1. The Federal Reserve has tried to define the money supply with M1 and M2, to match one of the fundamental concepts of money. In this regard, M1 is commonly referred to as a narrow measure of money, while M2 is a broad measure of money. Name and define one component (other than currency held by the public or travelers checks) which is in both M1 and M2. Then name and define one component (other than currency held by the public or travelers checks) which is in M1 but not in M2. Despite these efforts, the Fed is still unsure whether theyve defined money correctly and the money supply has in fact lost some of its usefulness in monetary policy. Briefly discuss the main issue of why the Federal Reserve is unsure that money is defined correctly. Please include the key fundamental role of money (e.g. medium of exchange, standard of value, standard of deferred payments, store of value choose one role) behind this issue. Briefly explain one way in which the Federal Reserve has sought to define money differently from the standard M1 and M2 measures because of this concern. (5 points). 2. Provide an example of two bonds whose interest rates are different. For each bond, briefly describe who issues the bond and for what reason. Describe why these interest rates are different identifying the key characteristic for your example, and state which bond has the higher interest rate as a result. Briefly discuss the role of inconvenience in this determination (5 points).

3. In 2009, interest rates exhibited a large decrease due to Federal Reserve policy and other factors. Therefore, what was happening to bond prices at the same time?

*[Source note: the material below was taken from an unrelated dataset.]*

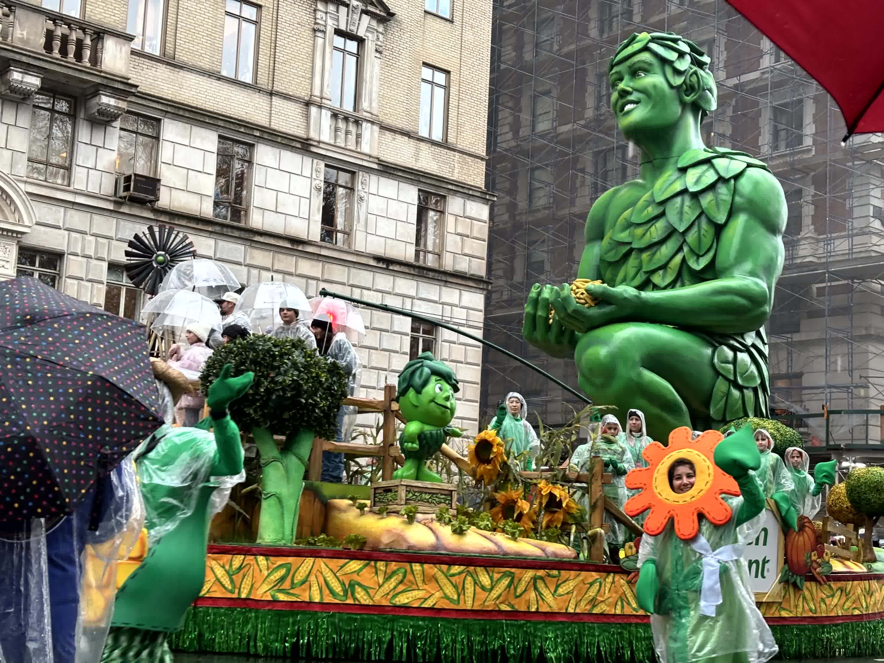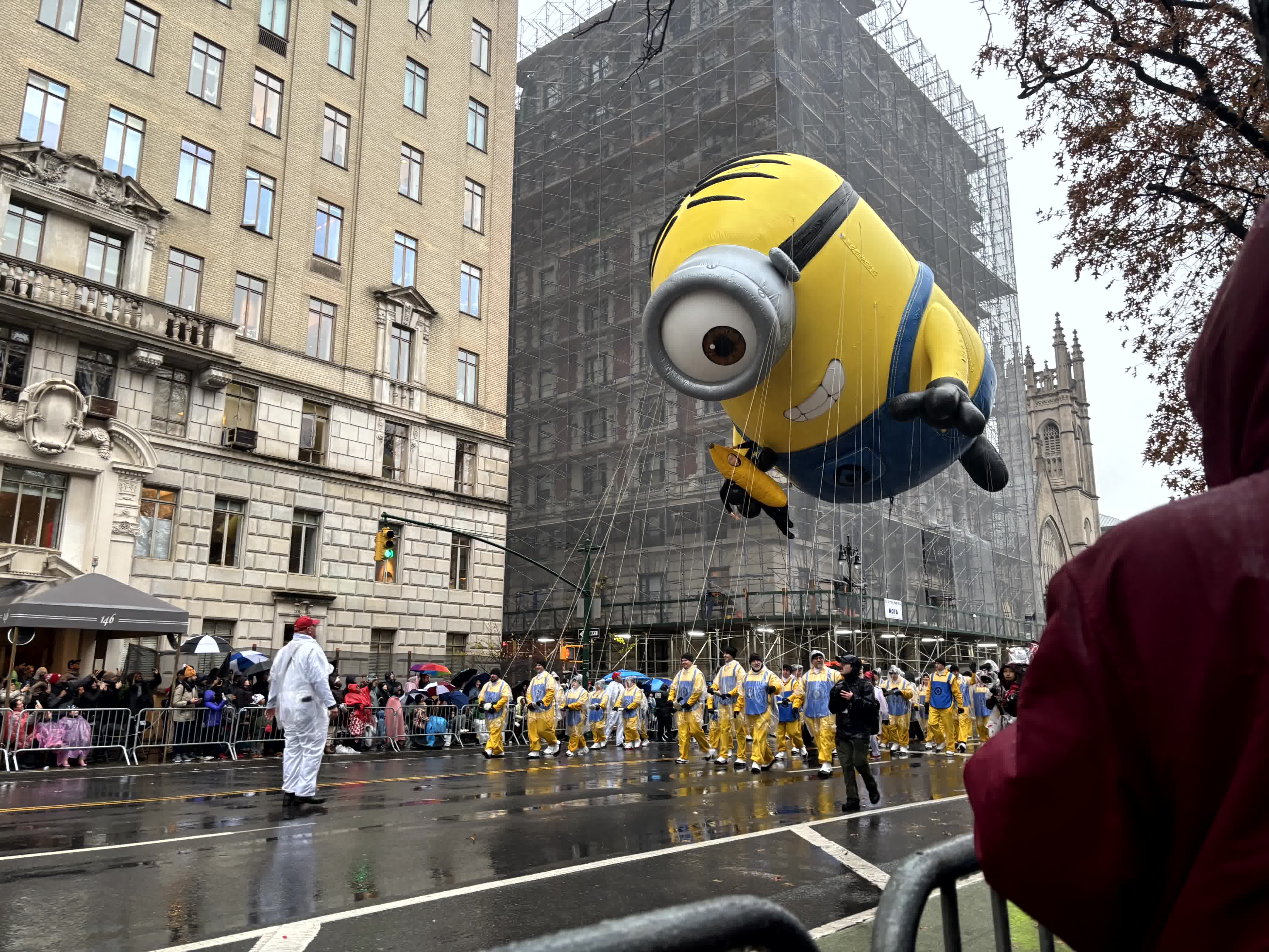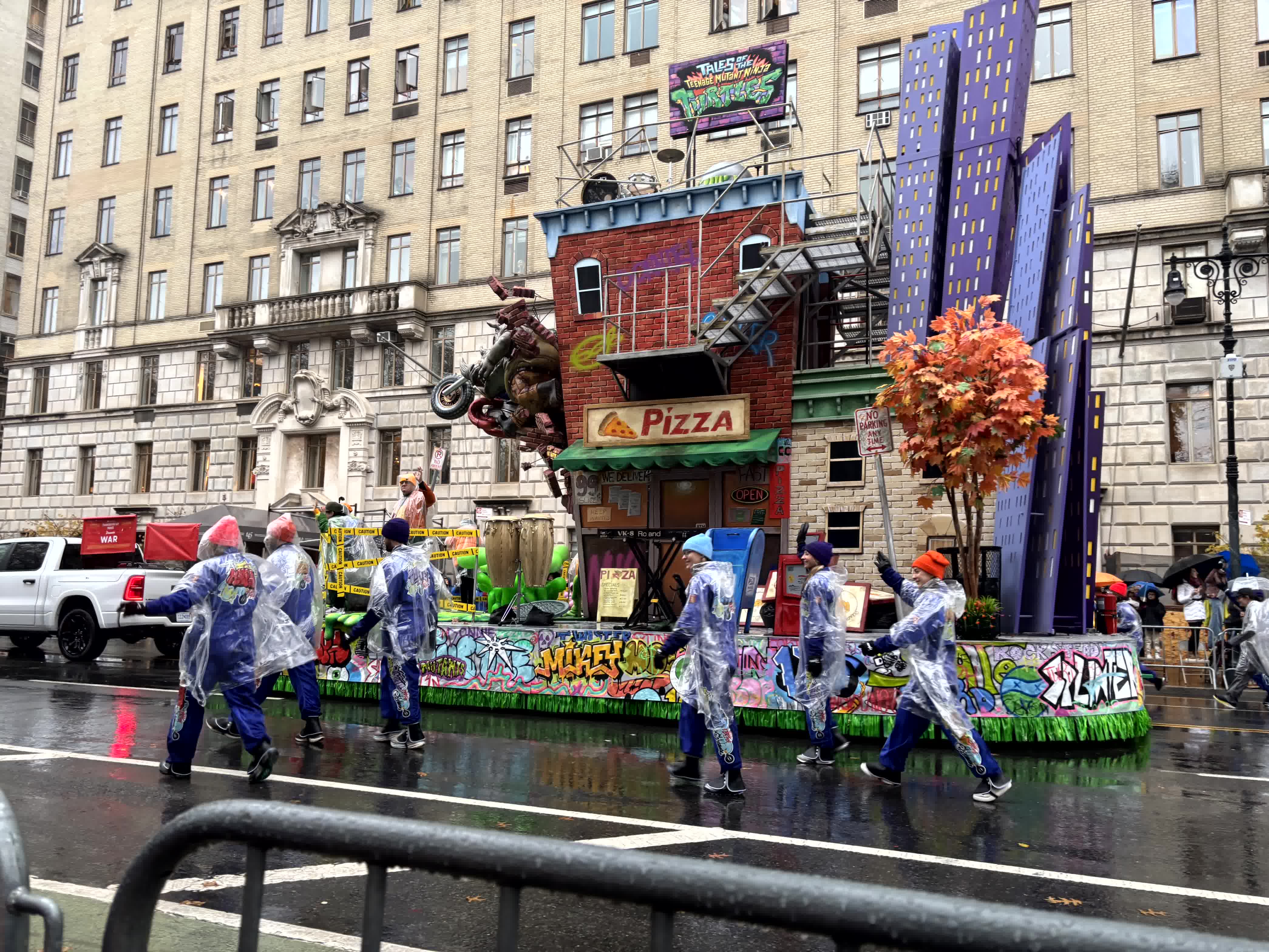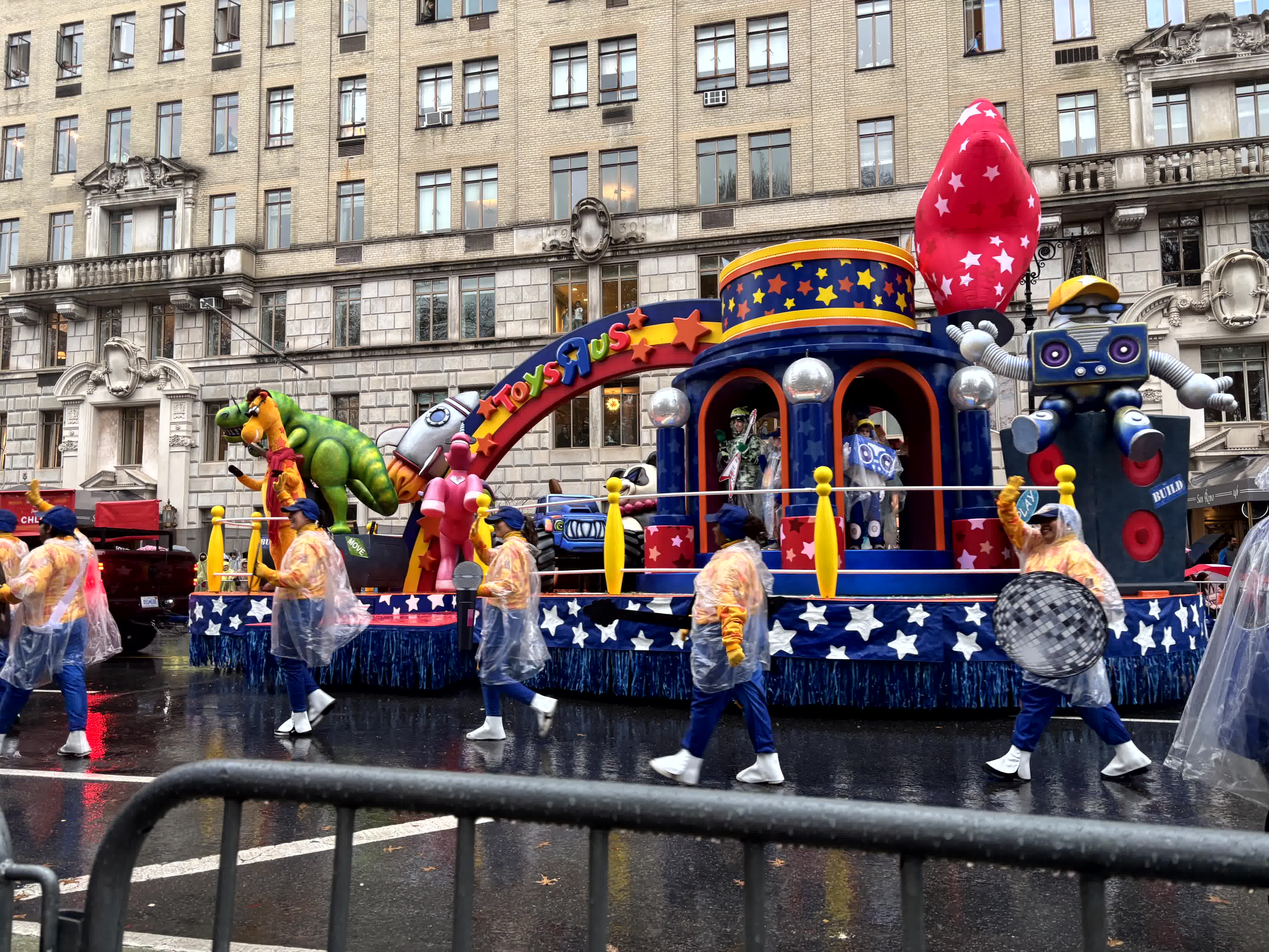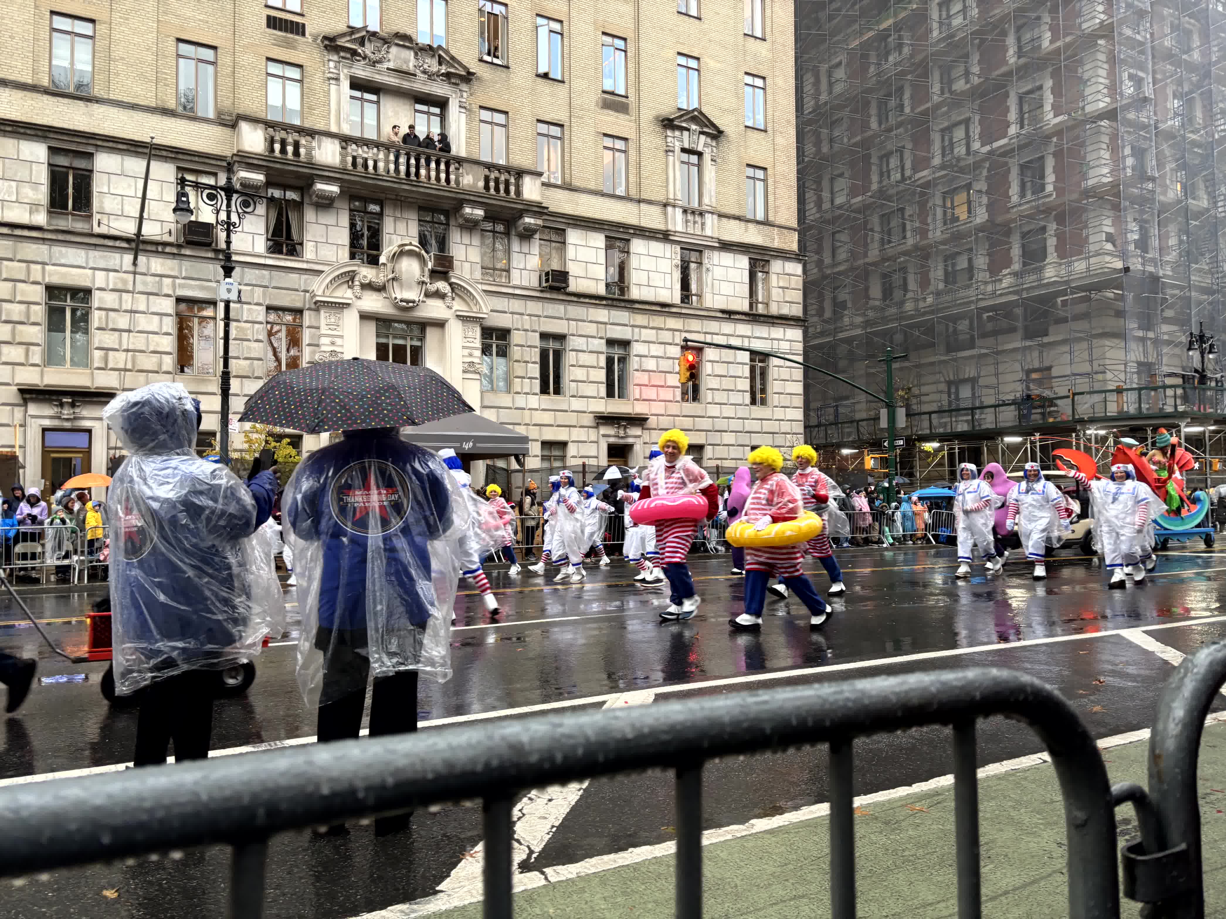 We have sort-of a sneak peak at upcoming floats as they line up down the road waiting for their turn to begin their trek through Manhattan.

Provide the definition of the yield to maturity (YTM) and explain why, based upon the interest rate as a YTM (feel free to use a specific YTM equation to help you in your explanation). Were investors in 2009 who had bought long-term bonds before this move happy or unhappy at the result? Explain why, using the rate of return measure (5 points).

4. Choose an interest rate other than the 3 month Treasury Bill rate or the Federal Funds rate. Provide an explicit definition for this interest rate. Now consider the website of the Federal Reserve Economic Database (FRED), given by http://fred.stlouisfed.org/. Using this database, look up a series for this interest rate and provide a hard copy of the FRED graph of this series. Based upon the graph, provide a brief evaluation of how this variable has changed over time (3 points).